Yes, dark transparent
glass absorbs heat quicker than most opalescent (marginally), and it releases the
heat more quickly (again marginally) than opalescent. The colour and degree of
transparency do not absorb any more or less heat, given appropriate rates. They
gain the same heat and temperature, although at slightly different rates due to differences in viscosity.
The rate of
heating and cooling is important in maintaining an equal rate of absorption of
heat. The temperature of both styles can become the same if appropriate lengths of heating,
annealing, and cooling are used. The slightly different rates of heat gain can
give a difference in viscosity and therefore expansion. This slight mismatch during rapid ramp rates, might set up
stresses great enough to break the glass. This can occur on the quick heat up
of glass during the brittle phase (approximately up to 540ºC/1005ºF). In fact,
most heat-up breaks occur below 300ºC/540ºF.
The main impact of
differential heat gain/loss is during cooling. Annealing of sufficient length
eliminates the problem of differential contraction through achieving and
maintaining the Delta T = 5C or less (ΔT≤5C). It is during the cooling that the
rates of heat loss may have an effect. The marginally quicker heat loss of many transparents over most opalescent glass exhibits different viscosities and rates of contraction. The
stresses created are temporary. But they might be great enough to cause breaks
during the cooling. Slow cooling related to the thickness and nature of the glass takes care of the differential contraction
rates by maintaining small temperature differentials.

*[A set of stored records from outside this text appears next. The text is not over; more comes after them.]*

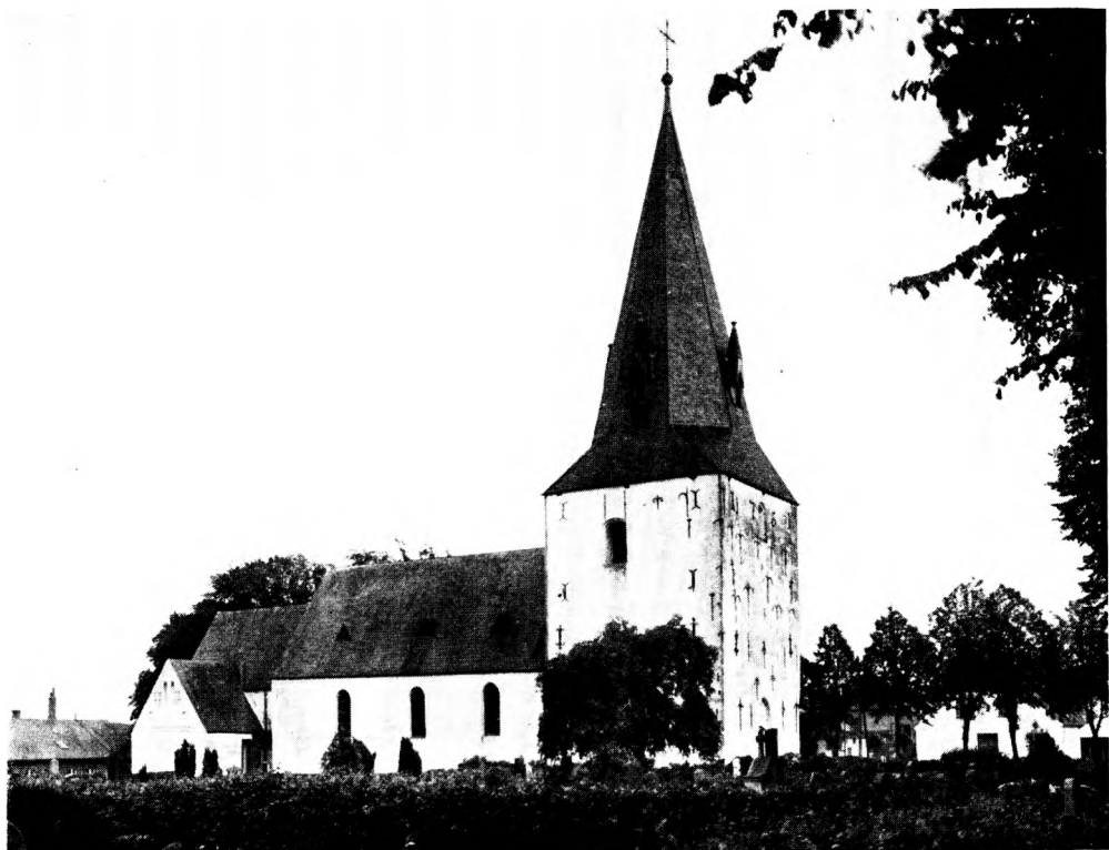
Fig. 1. Rise. Ydre, set fra nordvest.
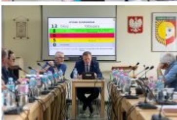
• 2024-05-28-III Sesja Rady Miejskiej w Rabce-Zdroju
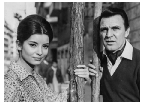
1961 I SOLITI RAPINATORI A MILANO de Giulio Petroni avec Franco Fabrizi
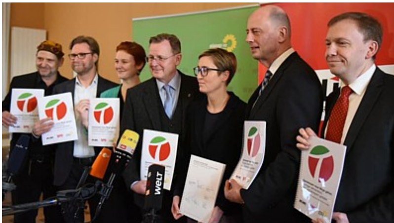
4.2.2020: rrg präsentiert Koalitionsvertrag für eine Minderheitsregierung
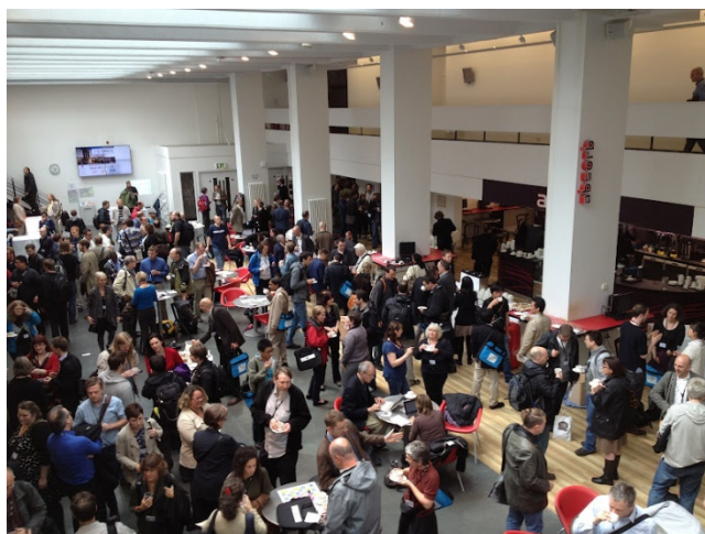
コーヒープレイク中も情報交換が活発

OR2012 の詳細についてはLiveBlog、Youtube 等で確認ができる。詳細はそちらを参照していただきたい。*3
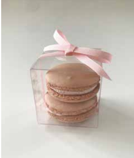
Zwei Macaron im Bööxli mit Schleife (glutenfrei) à Sfr 8.50
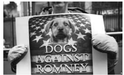
«İtlər Romney'ə qarşı»
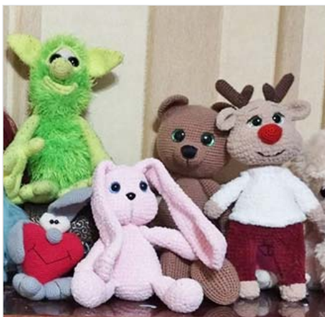
А, мама-то – рукодельница!

Significance of Differential Heat
Gain/Loss
Uneven thicknesses
and the tack fusing profile both have much greater effects than the differential
cooling rates of transparent and opalescent glass. It may be that strongly contrasting colours (such as purple and white) are also more important factors in heat gain and loss than transparent and opalescent combinations. Cooling at an appropriate
rate to room temperature for these factors will be sufficient to remove any
risk of differential contraction between transparent and opalescent glasses.